Any outbreak of COVID-19, SARS, H1N1/09 flu, avian flu, other coronavirus, Ebola or other existing or new epidemics/pandemics, or the threat thereof, together with any resulting restrictions on travel or quarantines imposed, may have an adverse impact on the economy and business activity globally (including in the countries in which the Trust invests), and thereby is expected to adversely affect the performance of the Trust’s investments and the Trust’s ability to fulfill its investment objective. Furthermore, the rapid development of epidemics/pandemics could preclude prediction as to their ultimate adverse impact on economic and market conditions, and, as a result, presents material uncertainty and risk with respect to the Trust and the performance of its investments.

 

Equity capital may be difficult to raise during periods of adverse or volatile market conditions because, subject to some limited exceptions, as a registered investment company, the Trust generally is not able to issue additional Common Shares at a price less than net asset value without first obtaining approval for such issuance from Common Shareholders.

 

Market Disruption and Geopolitical Risk

 

The occurrence of events similar to those in recent years, such as localized wars, instability, new and ongoing pandemics, epidemics or outbreaks of infectious diseases in certain parts of the world, natural/environmental disasters in certain parts of the world, terrorist attacks in the United States and around the world, trade or tariff arrangements, social and political discord, debt crises, sovereign debt downgrades, increasingly strained relations between the United States and a number of foreign countries, including traditional allies, historical adversaries and the international community generally, new and continued political unrest in various countries, the exit or potential exit of one or more countries from the EU or the EMU, continued changes in the balance of political power among and within the branches of the U.S. government, and government shutdowns, among others, may result in market volatility, may have long-term effects on the United States and worldwide financial markets, and may cause further economic uncertainties in the United States and worldwide.

 

The consequences of the conflict between Russia and Ukraine, including international sanctions, the potential impact on inflation and increased disruption to supply chains may impact our portfolio companies, result in an economic downturn or recession either globally or locally in the U.S. or other economics, reduce business activity, spawn additional conflicts (whether in the form of traditional military action, reignited “cold” wars or in the form a virtual warfare such as cyberattacks) with similar and perhaps wider ranging impacts and consequences and have an adverse impact on the Trust’s returns and net asset value.

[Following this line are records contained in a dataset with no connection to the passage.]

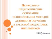 ПСИХОЛОГОПЕДАГОГИЧЕСКИЕ ОСНОВАНИЯ ИСПОЛЬЗОВАНИЯ МЕТОДОВ АКТИВНОГО ОБУЧЕНИЯ В ТРУДОВОЙ
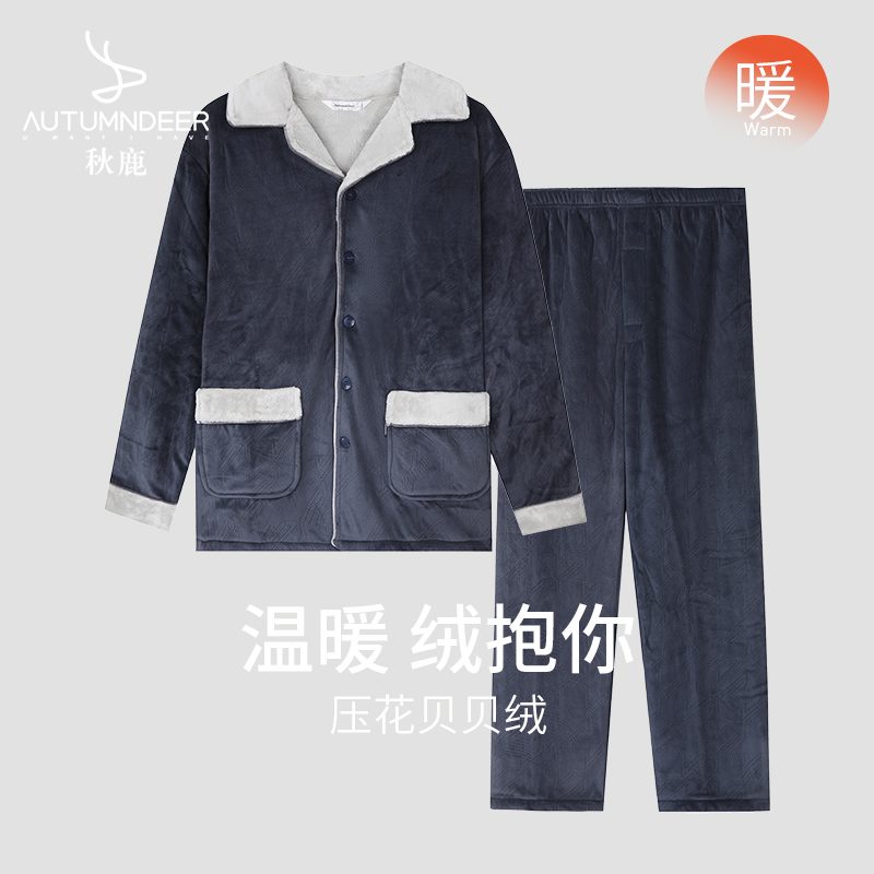 家居服可外穿秋冬套装 秋鹿 珊瑚绒男士 毛绒睡衣男冬季 商场清仓
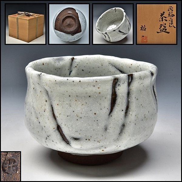 - SP6298 猪飼祐一 灰釉 白流 茶碗 茶器 茶道具 共箱
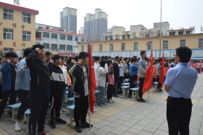 会议进行第三项:九年级中考倒计时50天誓师活动。九二班王大鑫同学宣读中考50天冲刺倡议书。随后,八一班李颖同学带领全校学生宣誓。
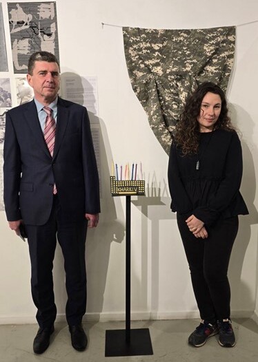 Катерина Діденко (студентка СЖ-25-1) з паном Брескаленко Геннадієм Семеновичем – радником-посланником України в державі Ізраїль на відкритті виставки “Це (не) моя війна”, в Ізраїлі
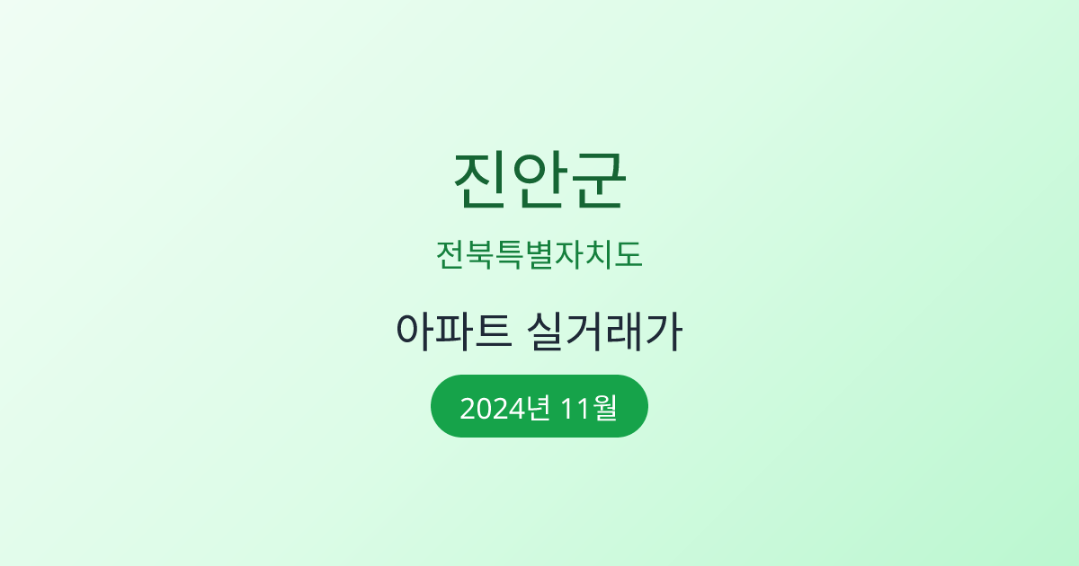 2024년 11월 전북특별자치도 진안군 아파트 매매 실거래가 정보입니다. 국토교통부 공식 데이터를 기반으로 합니다.
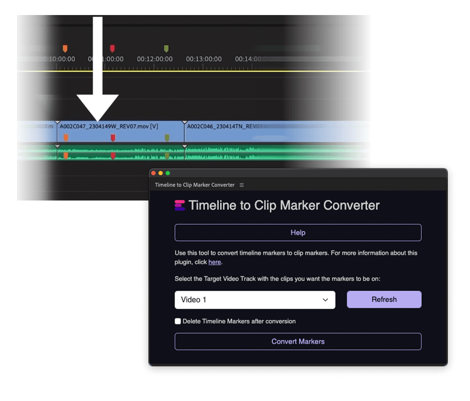 Cu acest plugin puteți converti cu ușurință toate marcajele cronologice în marcaje de clip. De asemenea, puteți selecta stratul video în care să le plasați și să eliminați automat marcajele cronologice după conversie. Utilizați acest plugin pentru a plasa toate marcajele cronologice pe clipuri video.
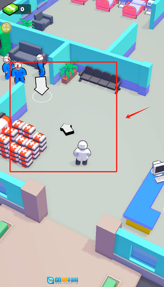 1、点击左侧红框内的白衣人员图标可查看患者信息,右侧的电脑设备则能用于管理医院日常事务及医疗物资。
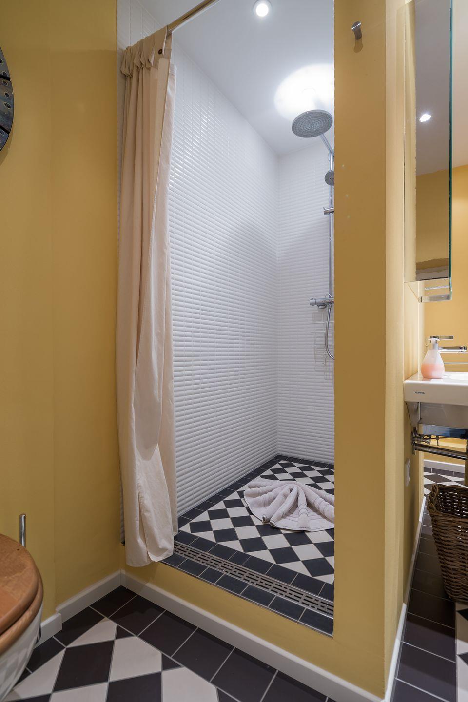 Eine Waschmaschine und ein Trockner befinden sich im Badezimmer.
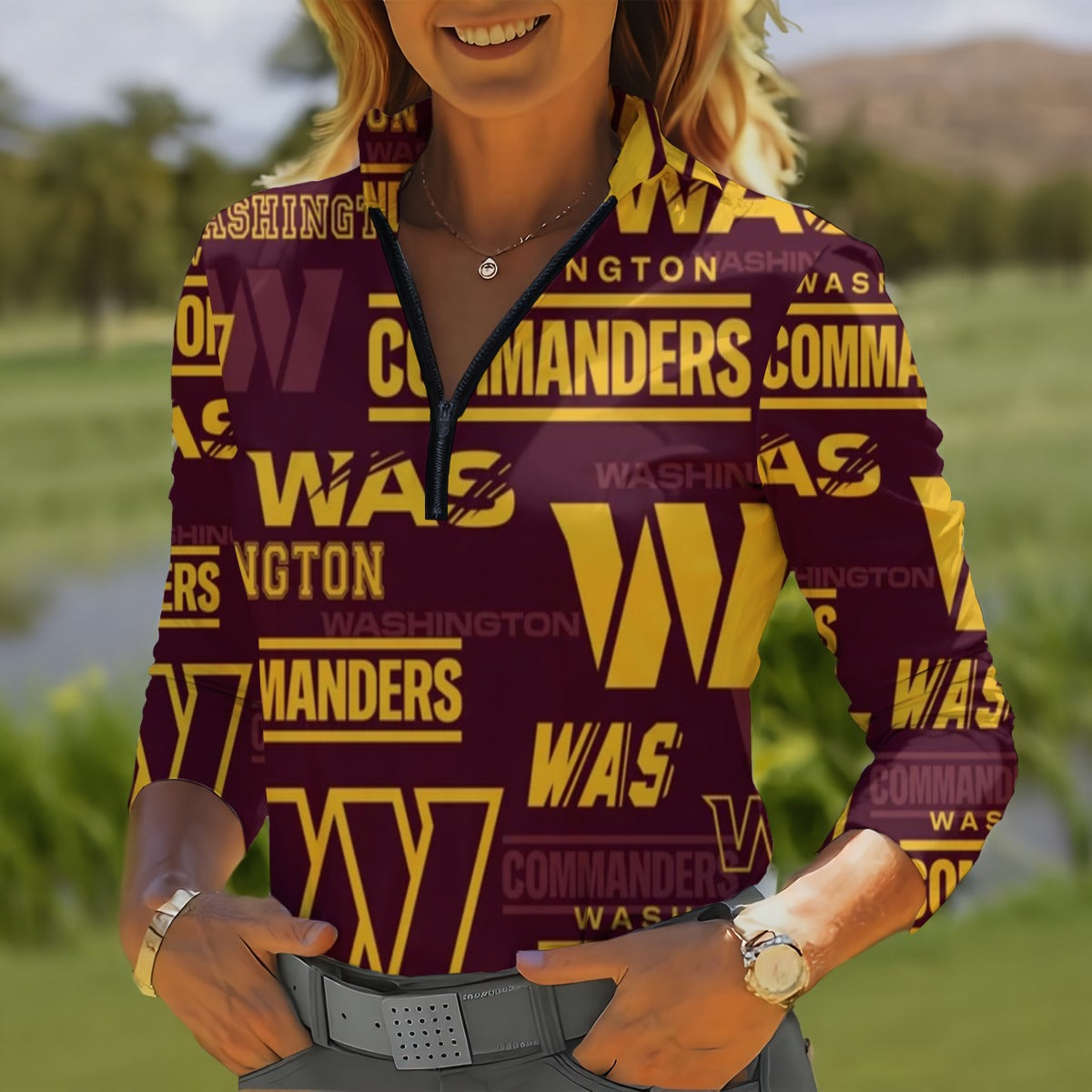 Show your passion for the Washington Commanders with this Washington Commanders Women's Quarter Zip Sport Shirt With Long Sleeve. Designed for comfort and performance, it keeps you stylish while representing your team spirit. Perfect for game day, workouts, or casual wear.
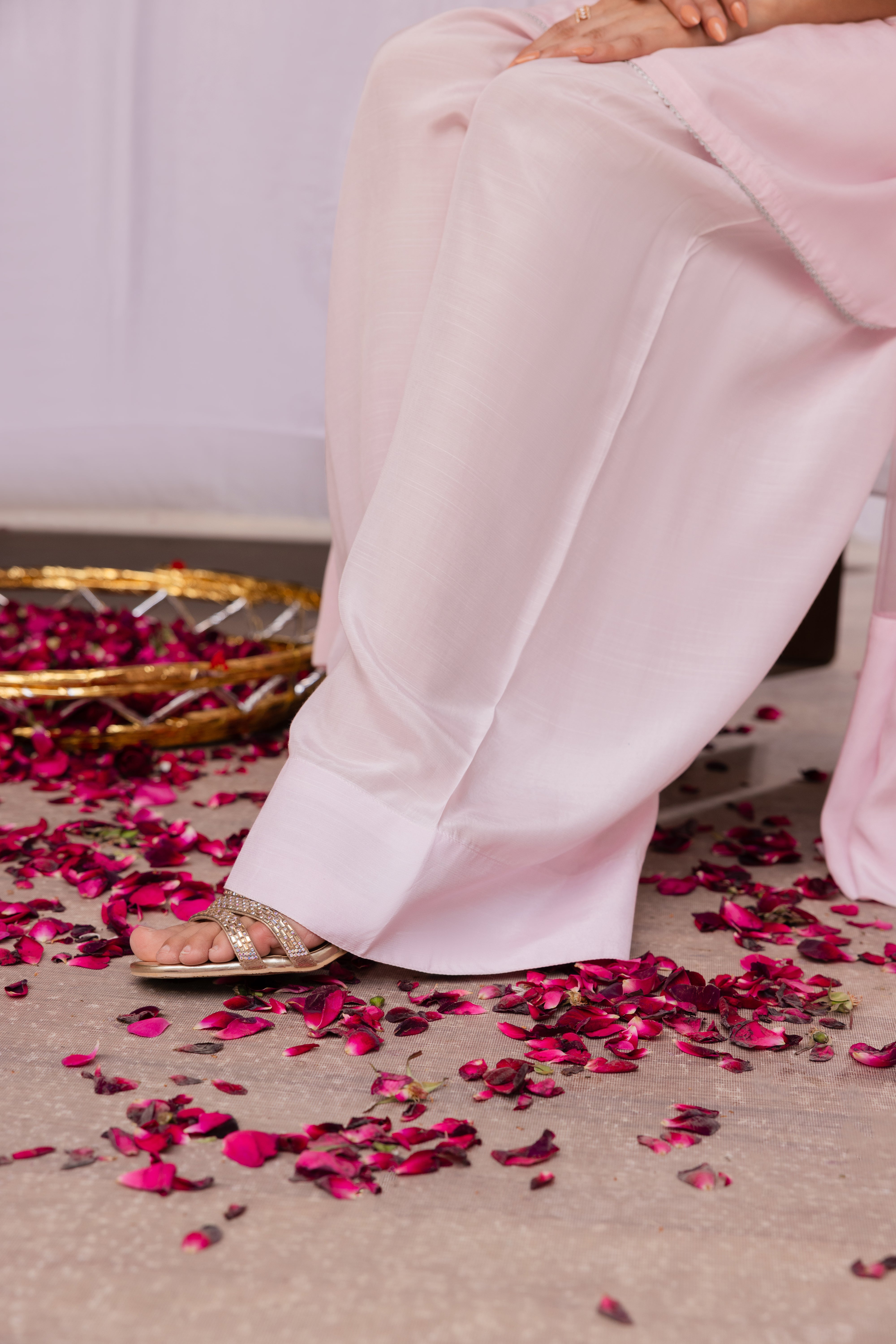 This stunning pink outfit features our signature cut with a short shirt, beautifully made with a slight v cut neckline and fabric buttons. It’s comes with a farshi shalwar, Inner slip and an organza dupatta, finished off with a raw silk border on two sides.
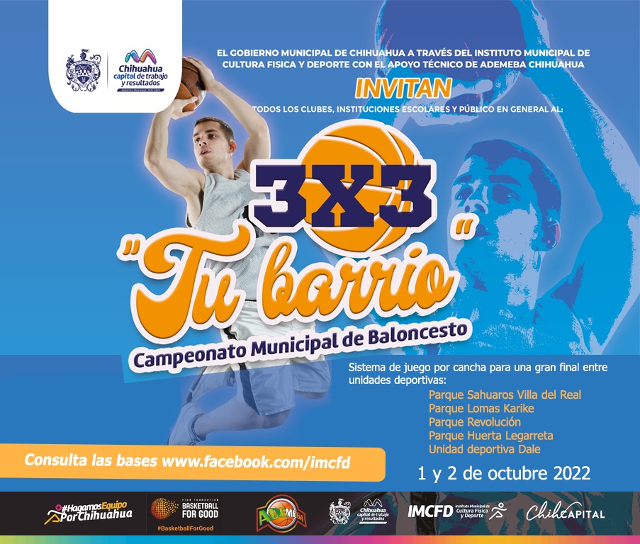 El Gobierno Municipal de Chihuahua a través del Instituto Municipal de Cultura Física y Deporte invita a mujeres y hombres entre los 12 y 17 años de edad, a participar en el primer “Campeonato municipal de Baloncesto en tu Barrio”, que se llevará a cabo los días 1 y 2 de octubre en cinco unidades deportivas.

The current contentious domestic political environment, as well as political and diplomatic events within the United States and abroad, such as the U.S. government’s inability at times to agree on a long-term budget and deficit reduction plan, may in the future result in additional government shutdowns, which could have a material adverse effect on the Trust’s investments and operations. In addition, the Trust’s ability to raise additional capital in the future through the sale of securities could be materially affected by a government shutdown. Additional and/or prolonged U.S. government shutdowns may affect investor and consumer confidence and may adversely impact financial markets and the broader economy, perhaps suddenly and to a significant degree.

 

Uncertainty and periods of volatility still remain, and risks to a robust resumption of growth persist. Federal Reserve policy, including with respect to certain interest rates, may adversely affect the value, volatility and liquidity of dividend and interest paying securities. Market volatility, dramatic changes to interest rates and/or a return to unfavorable economic conditions may lower the Trust’s performance or impair the Trust’ ability to achieve its investment objective.

 

The occurrence of any of the above events could have a significant adverse impact on the value and risk profile of the Trust’s portfolio. It is not known how long the securities markets may be affected by similar events, and the effects of similar events in the future on the U.S. economy and securities markets cannot be predicted. There can be no assurance that similar events and other market disruptions will not have other material and adverse implications.

 

UK Departure from EU (“Brexit”) Risk

 

The United Kingdom ceased to be a member of the European Union (the “EU”) on January 31, 2020 (“Brexit”). A Trade and Cooperation Agreement between the EU and the United Kingdom (the “TCA”) took effect on May 1, 2021, and now governs the relationship between the EU and the United Kingdom. While the TCA regulates a number of important areas, significant parts of the United Kingdom economy are not addressed in detail by the TCA, including in particular the services sector, which represents the largest component of the United Kingdom’s economy. As such, there remains uncertainty as to the scope, nature and terms of the relationship between the United Kingdom and the EU and the effect and implications of the TCA. Brexit may have a negative impact on the economy and currency of the United Kingdom and EU as a result of anticipated, perceived or actual changes to the United Kingdom’s economic and political relations with the EU. Brexit may also have a destabilizing impact on the EU to the extent other member states similarly seek to withdraw from the union. Any further exits of member states from the EU, or the possibility of such exits, would likely cause additional market disruption globally and introduce new legal and regulatory uncertainties. Any or all of these challenges may affect the value of the Trust’s investments that are economically tied to the United Kingdom or the EU, and could have an adverse impact on the Trust’s performance.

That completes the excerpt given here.